[llvm-dev] RFC: Atomic LL/SC loops in LLVM revisited

Wed Jun 13 08:42:47 PDT 2018

# RFC: Atomic LL/SC loops in LLVM revisited

## Summary

This proposal gives a brief overview of the challenges of lowering to LL/SC
loops and details the approach I am taking for RISC-V. Beyond getting feedback
on that work, my intention is to find consensus on moving other backends
towards a similar approach and sharing common code where feasible. Scroll down
to 'Questions' for a summary of the issues I think need feedback and
agreement.

For the original discussion of LL/SC lowering, please refer to James
Knight's 2016 thread on the topic:
http://lists.llvm.org/pipermail/llvm-dev/2016-May/099490.html

I'd like to thank James Knight, JF Bastien, and Eli Friedman for being so
generous with their review feedback on this atomics work so far.

## Background: Atomics in LLVM

See the documentation for full details <https://llvm.org/docs/Atomics.html>.
In short: LLVM defines memory ordering constraints to match the C11/C++11
memory model (unordered, monotonic, acquire, release, acqrel, seqcst).
These can be given as parameters to the atomic operations supported in LLVM
IR:

* Fences with the fence instruction
* Atomic load and store with the 'load atomic' and 'store atomic' variants of
the load/store instructions..
* Fetch-and-binop / read-modify-write operations through the atomicrmw
instruction.
* Compare and exchange via the cmpxchg instruction. Takes memory ordering for
both success and failure cases. Can also specify a 'weak' vs 'strong' cmpxchg,
where the weak variant allows spurious failure

## Background: Atomics in RISC-V

For full details see a recent draft of the ISA manual
<https://github.com/riscv/riscv-isa-manual/releases/download/draft-20180612-548fd40/riscv-spec.pdf>,
which incorporates work from the Memory Consistency Model Task Group to define
the memory model. RISC-V implements a weak memory model.
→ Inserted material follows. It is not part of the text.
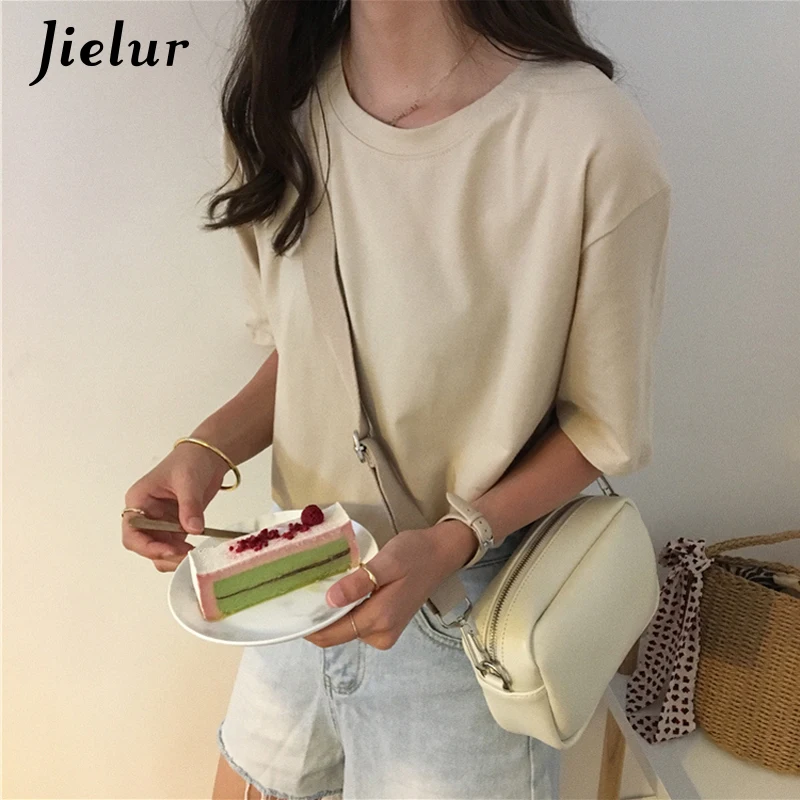 Jielur טי חולצה 15 צבע אחיד בסיסי חולצה נשים מקרית O-צוואר Harajuku קיץ למעלה קוריאני הברנש לבן חולצת טי S-XL

For those not familiar, RISC-V is a modular ISA, with standard extensions
indicated by single letters. Baseline 'RV32I' or 'RV64I' instruction sets
don't support atomic operations beyond fences. However the RV32A and RV64A
instruction set extensions introduce AMOs (Atomic Memory Operations) and LR/SC
(load-linked/store-conditional on other architectures). 32-bit atomic
operations are supported natively on RV32, and both 32 and 64-bit atomic
operations support natively on RV64.

AMOs such as 'amoadd.w' implement simple fetch-and-dobinop behaviour. For
LR/SC: LR loads a word and registers a reservation on source memory address.
SC writes the given word to the memory address and writes success (zero) or
failure (non-zero) into the destination register. LR/SC can be used to
implement compare-and-exchange or to implement AMOs that don't have a native
instruction. To do so, you would typically perform LR and SC in a loop.
However, there are strict limits on the instructions that can be placed
between a LR and an SC while still guaranteeing forward progress:

"""
The static code for the LR/SC sequence plus the code to retry the sequence in
case of failure must comprise at most 16 integer instructions placed
sequentially in memory. For the sequence to be guaranteed to eventually
succeed, the dynamic code executed between the LR and SC instructions can only
contain other instructions from the base “I” subset, excluding loads, stores,
backward jumps or taken backward branches, FENCE, FENCE.I, and SYSTEM
instructions. The code to retry a failing LR/SC sequence can contain backward
jumps and/or branches to repeat the LR/SC sequence, but otherwise has the same
constraints.
"""

The native AMOs and LR/SC allow ordering constraints to be specified in the
instruction. This isn't possible for load/store instructions, so fences must
be inserted to represent the ordering constraints. 8 and 16-bit atomic
load/store are therefore supported using 8 and 16-bit load/store plus
appropriate fences.

See Table A.6 on page 187 in the linked specification for a mapping from C/C++
atomic constructs to RISC-V instructions.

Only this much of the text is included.